A guard-railed development loop for AI coding agents. A cross-CLI plugin marketplace: devloop is the first (and flagship) plugin — a developer workflow built on native Claude Code events, working with both GitHub (PR) and GitLab (MR) (picked per-repo from the origin remote); example is a placeholder showing the repo is built to host multiple plugins.
Currently Claude Code only. Design / architecture: AGENTS.md. Each plugin's own docs live in its directory.
When you code with an AI agent, the time sink usually isn't "is the code correct" — it's three structural losses:
- Information lag — the agent doesn't know the real git / workspace state and guesses from chat history. Classic failure: it grinds away on a feature branch whose MR was already merged (and source branch deleted) on the server, never realizing until commit-time preflight stops it — forcing a re-branch + re-commit + re-MR every time.

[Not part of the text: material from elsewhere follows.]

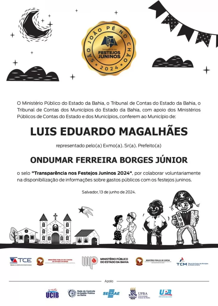 O Arraiá de LEM, que será realizado de 28 de junho a 02 de julho, na Avenida Tancredo Neves, em frente ao Mercado Municipal, no bairro Santa Cruz, em Luís Eduardo Magalhães, recebeu pelo segundo ano consecutivo, o selo Transparência Pública do Ministério Público da Bahia (MPBA), que recebe o nome de ‘São João Pé no Chão’.
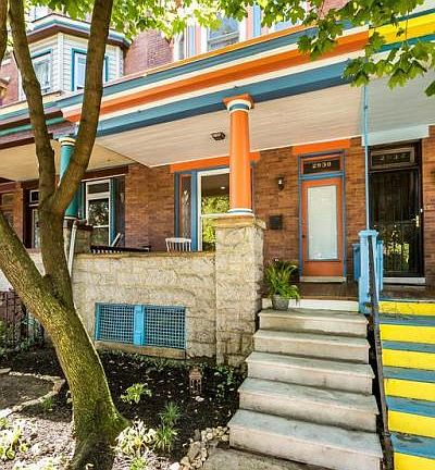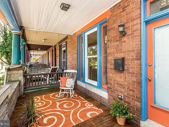 Circa 1912 Charles Village vibrantly painted porch front town home. This charming renovated 4 level property offers an expansive traditional floor plan blending old world charm with contemporary design and modern amenities. The residence boasts 2,174 sq. ft. of finished living space with 5 bedrooms, 3 full and 1 half baths, an inviting entry and foyer, stunning living room with large window framed in stained glass, delightful separate dining room, and cook's kitchen with wood cabinetry, honed granite countertops, eye-catching brick wall, original in-laid wood flooring, gorgeous staircase, high ceilings, recessed lighting and skylight for natural interior lighting. The home is completed with a lovely second level balcony off the rear bedroom, a fabulous urban garden, lovely brick patio, new fencing, and a newly installed concrete parking pad. The unique Charles Village neighborhood of whimsically painted homes offers the perfect blend of quaint urban living with an ideal location. The neighborhood is listed on the National Register of Historic Places as a distinctive, well-defined neighborhood in Baltimore City. The home is conveniently located close to hospitals, Johns Hopkins University, pubs, restaurants, cafes, museums,major streets and highways.

- Soft conventions can't enforce — "don't commit to master", "don't
git add -A" are just prompts. When the agent decides not to follow them, you have no execution-level interception. Committing to a protected branch, staging stray sensitive files, editing on a stale branch — all happen for real. - Concurrent sessions collide — running several CLI sessions (or several agents) on one workspace is routine, but they share checkouts and state: a second session switches the branch under the first one's feet and scrambles its uncommitted work, or one session's no-arg command silently resolves to the repo another session just touched. Out of the box, nothing arbitrates who owns what.
- A state bus eliminates information lag. The current subproject's branch / working tree / recent MRs / validation state is injected into every prompt, so the agent knows reality before it edits the first line.
- Hard intercepts turn soft conventions into execution-level boundaries.
PreToolUsehooks returndeny; the agent cannot route around them.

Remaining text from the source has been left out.